[EXERCISE] Recreate the listing that follows line for line, without pictures.

-------- SOURCE DATA --------

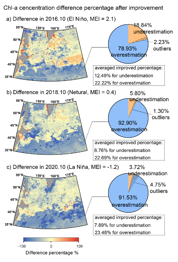 本研究通过结合西北太平洋实地调查数据,针对该区域进行遥感叶绿素数据的改进以及多源卫星数据的融合,在最终叶绿素产品的准确性以及覆盖率上都得到了较为显著的提升(图1)。进一步结合渔业作业点位数据、海洋气候及环境数据分析发现,改进后的叶绿素产品数据分布同黑潮延伸体具有较强的相关性,同时,渔业作业点的分布也与海温及叶绿素锋面十分吻合(图2);改进后的叶绿素产品数据与中尺度涡旋的分布也呈现出相应的分布特点(图3);在不同ENSO气候模式下,改进后的叶绿素产品数据对于改进前的数据有着不同的响应特点,能够更准确地反应出西北太平洋海区在不同气候背景下叶绿素的分布情况(图4)。研究为渔业及海洋学在西北太平洋海区的相关研究提供了更为精确的数据支持,为渔业资源变动及海洋学变化的解释提供了可靠的依据。
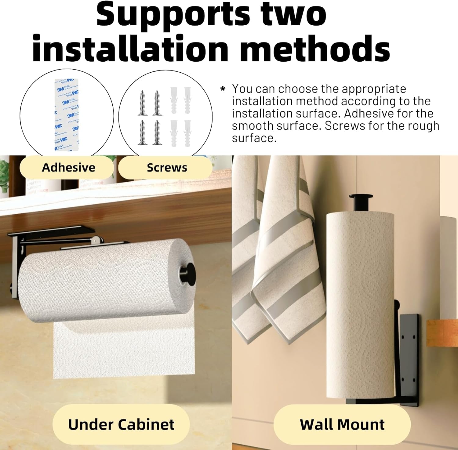 - 【OPTIMIZE SPACE WITH EFFORTLESS WALL MOUNTING】Free up valuable counter space and enjoy convenient access with our wall-mounted paper towel holder. It surpasses traditional countertop holders! Install it horizontally or vertically according to your needs, ensuring hassle-free usability.
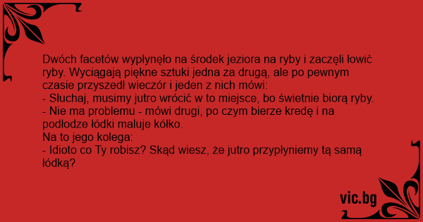 Dwóch facetów wypłynęło na środek jeziora na ryby i zaczęli łowić ryby. Wyciągają piękne sztuki jedna za drugą, ale po pewnym czasie przyszedł wieczór i jeden z nich mówi:
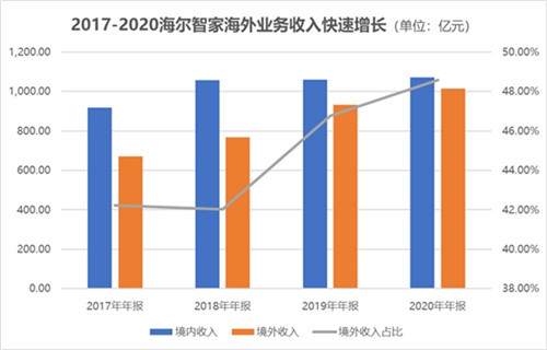 其中,2020年海尔智家的海外业务收入破千亿,增幅达到8.61%;经营利润增幅26.97%,海外经营利润率提升0.6PCT,创历史新高。
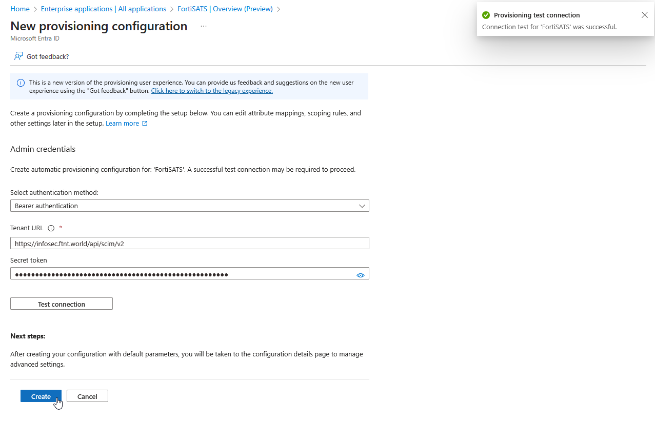 16.) If the test succeeds, you will receive a confirmation in the upper right-hand corner. Select the Create button in the lower left-hand side of the New provisioning configuration screen:
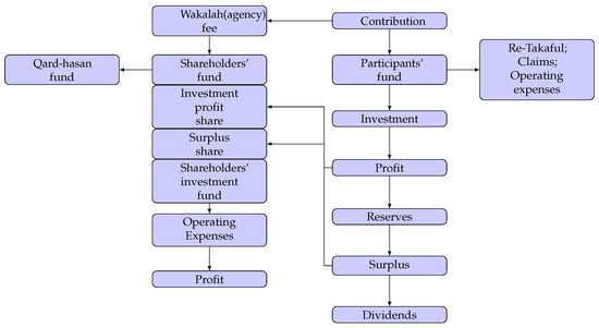 Similar to the conventional counterpart, there are two types of Takaful business model, namely: general (non-life) Takaful and family (life) Takaful. Based on business models, the operation of Takaful can be structured as Wakalah (agent-based contract), Mudarabah (profit sharing), Hybrid (mixed), or Waqf model. Under the Wakalah (agency) contract, the role of Takaful operator is a wakeel (agent) that is paid by participants as a predefined fee to manage the Takaful funds. The Wakalah fee is paid in advance as a percentage of contribution. After deducting the wakalah fee, the rest of the contributions are credited to the participants’ fund, which are also called Tabaru funds. In the Mudarabah (profit sharing) contract, the operator and the participants should agree on a profit-sharing rate at the commencement of the contract. Under this contract, all participants’ contribution is credited to the Takaful fund without any deduction. A Hybrid contract applies the Wakalah contract for underwriting activities, while Mudarabah is adopted for investment activities.
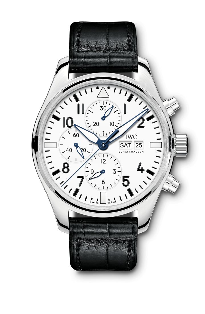 The 43mm stainless steel case retains the bold, purposeful architecture of the Pilot’s Watch Chronograph, featuring a mix of brushed and polished surfaces. Despite its elegant dial, the watch remains a true instrument of aviation, featuring a soft-iron inner case to protect the movement against magnetic fields and a screw-down crown that ensures a water resistance of 60 meters. The Day-Date complication at 3 o'clock—a hallmark of the Pilot’s Chronograph series—is rendered with crisp black-on-white discs that blend seamlessly into the lacquered aesthetic.
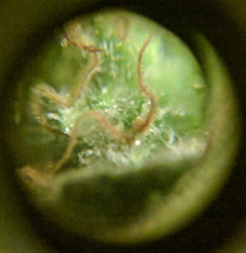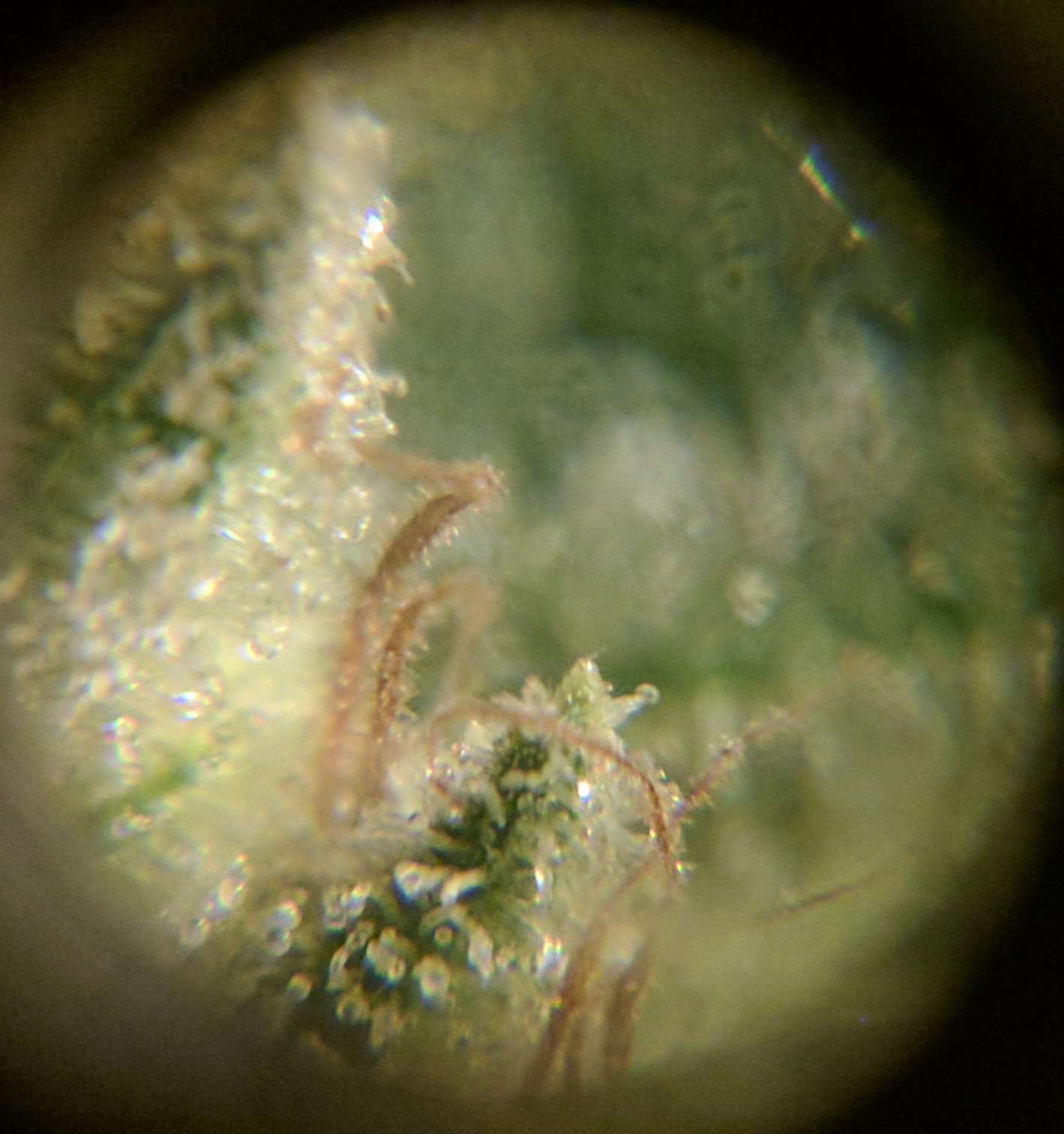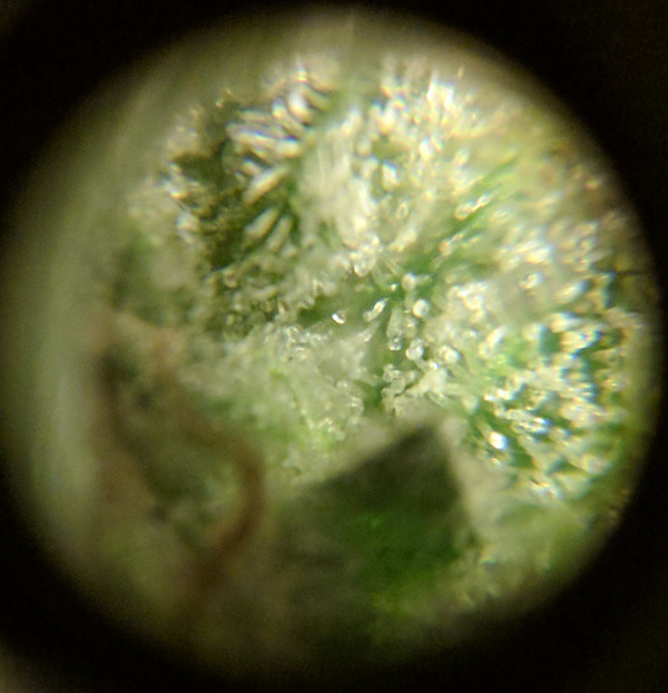 And now, the photo barrage. First up, a trichrome close up. I think we've shifted closer to 70% cloudy or better. A little hard to tell in this photo, but looking mostly cloudy on the buds overall, with a rare hint of amber in there.
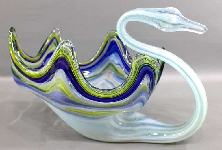 Murano Sommerso Art Glass Swan Centerpiece - 8 x 11 x 8
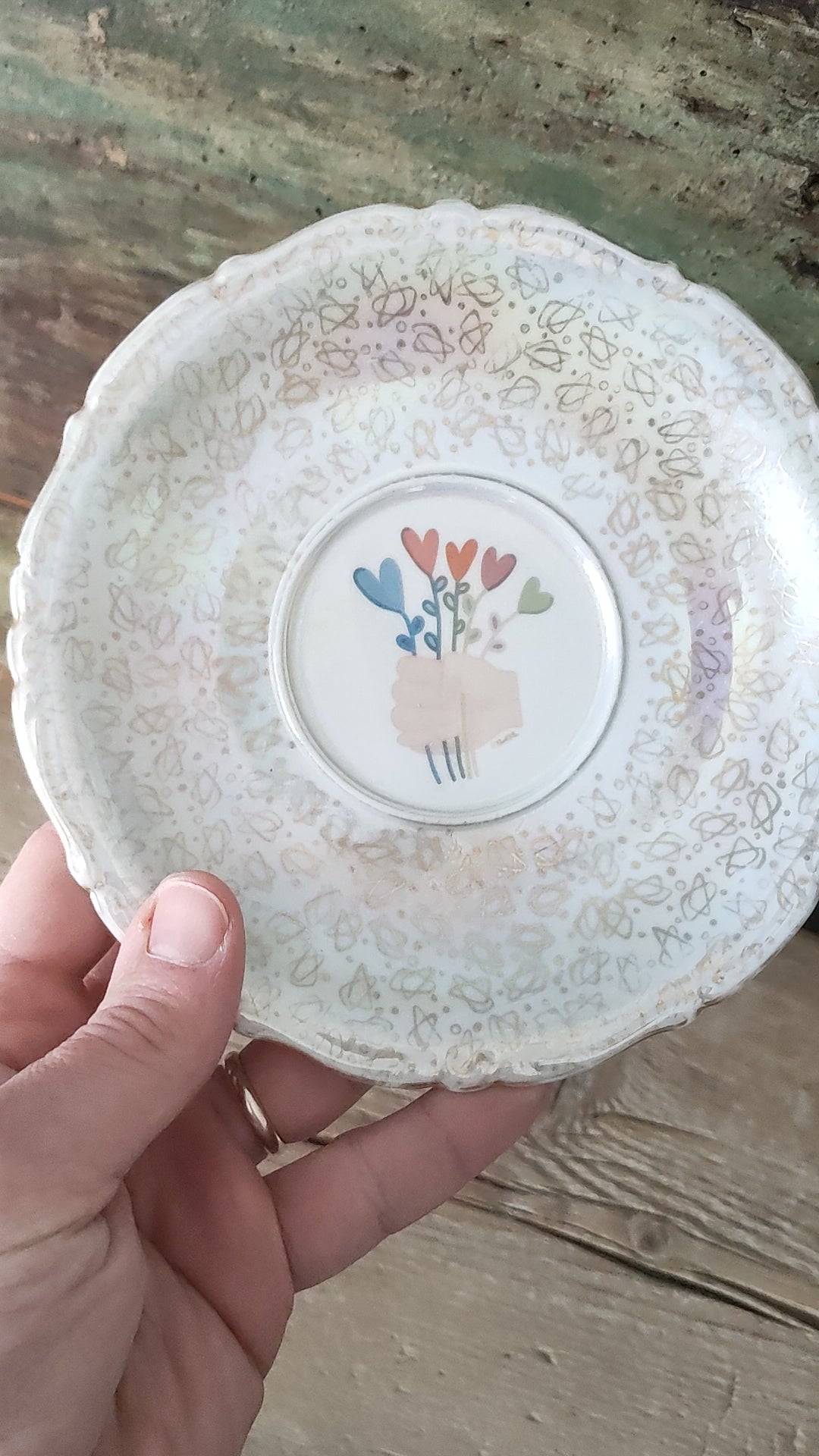 "Fiori Cuori" su Piattino Fantasia Cangiante
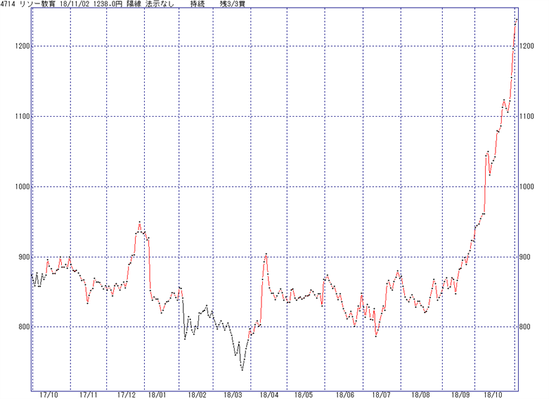 4714リソー教育は、9月中旬から上げ始め、10月に市場全体が下げても関係なく上伸をみせました。
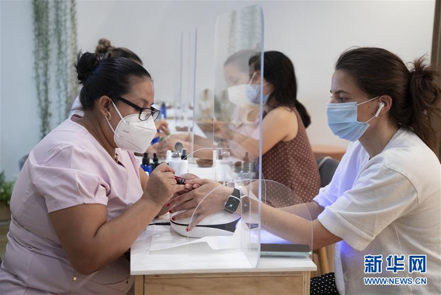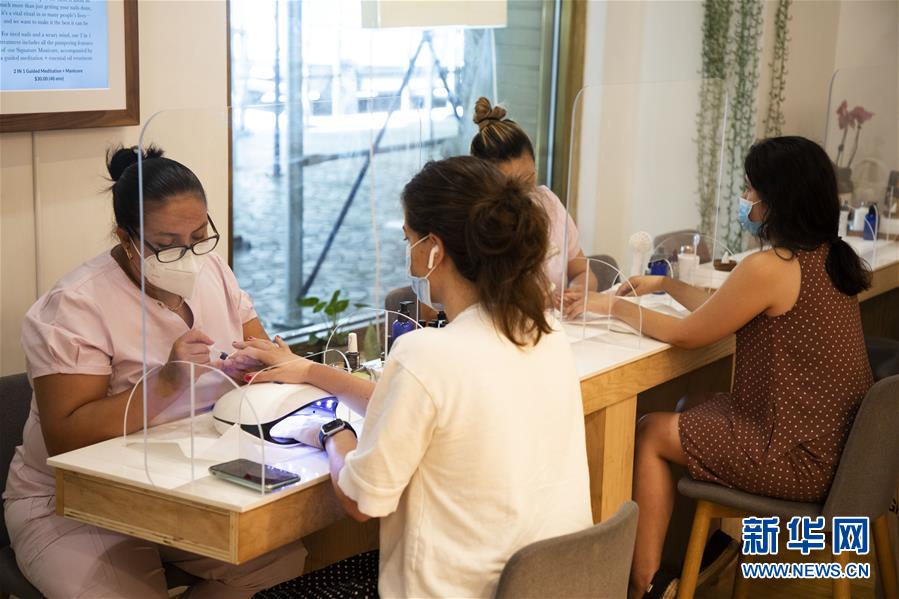 7月6日,技師在美國(guó)紐約一家美甲店為顧客美甲。當(dāng)天,紐約進(jìn)入重啟第三階段,美甲店、按摩店等個(gè)人護(hù)理業(yè)在經(jīng)歷近4個(gè)月的停業(yè)后被允許重新開放。因防疫需要,原本應(yīng)在第三階段開放的餐飲業(yè)室內(nèi)就餐仍處于暫停狀態(tài)。新華社記者王迎攝

--------

[PROBLEM SOLUTION]
 本研究通过结合西北太平洋实地调查数据,针对该区域进行遥感叶绿素数据的改进以及多源卫星数据的融合,在最终叶绿素产品的准确性以及覆盖率上都得到了较为显著的提升(图1)。进一步结合渔业作业点位数据、海洋气候及环境数据分析发现,改进后的叶绿素产品数据分布同黑潮延伸体具有较强的相关性,同时,渔业作业点的分布也与海温及叶绿素锋面十分吻合(图2);改进后的叶绿素产品数据与中尺度涡旋的分布也呈现出相应的分布特点(图3);在不同ENSO气候模式下,改进后的叶绿素产品数据对于改进前的数据有着不同的响应特点,能够更准确地反应出西北太平洋海区在不同气候背景下叶绿素的分布情况(图4)。研究为渔业及海洋学在西北太平洋海区的相关研究提供了更为精确的数据支持,为渔业资源变动及海洋学变化的解释提供了可靠的依据。
 - 【OPTIMIZE SPACE WITH EFFORTLESS WALL MOUNTING】Free up valuable counter space and enjoy convenient access with our wall-mounted paper towel holder. It surpasses traditional countertop holders! Install it horizontally or vertically according to your needs, ensuring hassle-free usability.
 Dwóch facetów wypłynęło na środek jeziora na ryby i zaczęli łowić ryby. Wyciągają piękne sztuki jedna za drugą, ale po pewnym czasie przyszedł wieczór i jeden z nich mówi:
 其中,2020年海尔智家的海外业务收入破千亿,增幅达到8.61%;经营利润增幅26.97%,海外经营利润率提升0.6PCT,创历史新高。
 16.) If the test succeeds, you will receive a confirmation in the upper right-hand corner. Select the Create button in the lower left-hand side of the New provisioning configuration screen:
 Similar to the conventional counterpart, there are two types of Takaful business model, namely: general (non-life) Takaful and family (life) Takaful. Based on business models, the operation of Takaful can be structured as Wakalah (agent-based contract), Mudarabah (profit sharing), Hybrid (mixed), or Waqf model. Under the Wakalah (agency) contract, the role of Takaful operator is a wakeel (agent) that is paid by participants as a predefined fee to manage the Takaful funds. The Wakalah fee is paid in advance as a percentage of contribution. After deducting the wakalah fee, the rest of the contributions are credited to the participants’ fund, which are also called Tabaru funds. In the Mudarabah (profit sharing) contract, the operator and the participants should agree on a profit-sharing rate at the commencement of the contract. Under this contract, all participants’ contribution is credited to the Takaful fund without any deduction. A Hybrid contract applies the Wakalah contract for underwriting activities, while Mudarabah is adopted for investment activities.
 The 43mm stainless steel case retains the bold, purposeful architecture of the Pilot’s Watch Chronograph, featuring a mix of brushed and polished surfaces. Despite its elegant dial, the watch remains a true instrument of aviation, featuring a soft-iron inner case to protect the movement against magnetic fields and a screw-down crown that ensures a water resistance of 60 meters. The Day-Date complication at 3 o'clock—a hallmark of the Pilot’s Chronograph series—is rendered with crisp black-on-white discs that blend seamlessly into the lacquered aesthetic.
 And now, the photo barrage. First up, a trichrome close up. I think we've shifted closer to 70% cloudy or better. A little hard to tell in this photo, but looking mostly cloudy on the buds overall, with a rare hint of amber in there.
 Murano Sommerso Art Glass Swan Centerpiece - 8 x 11 x 8
 "Fiori Cuori" su Piattino Fantasia Cangiante
 4714リソー教育は、9月中旬から上げ始め、10月に市場全体が下げても関係なく上伸をみせました。
 7月6日,技師在美國(guó)紐約一家美甲店為顧客美甲。當(dāng)天,紐約進(jìn)入重啟第三階段,美甲店、按摩店等個(gè)人護(hù)理業(yè)在經(jīng)歷近4個(gè)月的停業(yè)后被允許重新開放。因防疫需要,原本應(yīng)在第三階段開放的餐飲業(yè)室內(nèi)就餐仍處于暫停狀態(tài)。新華社記者王迎攝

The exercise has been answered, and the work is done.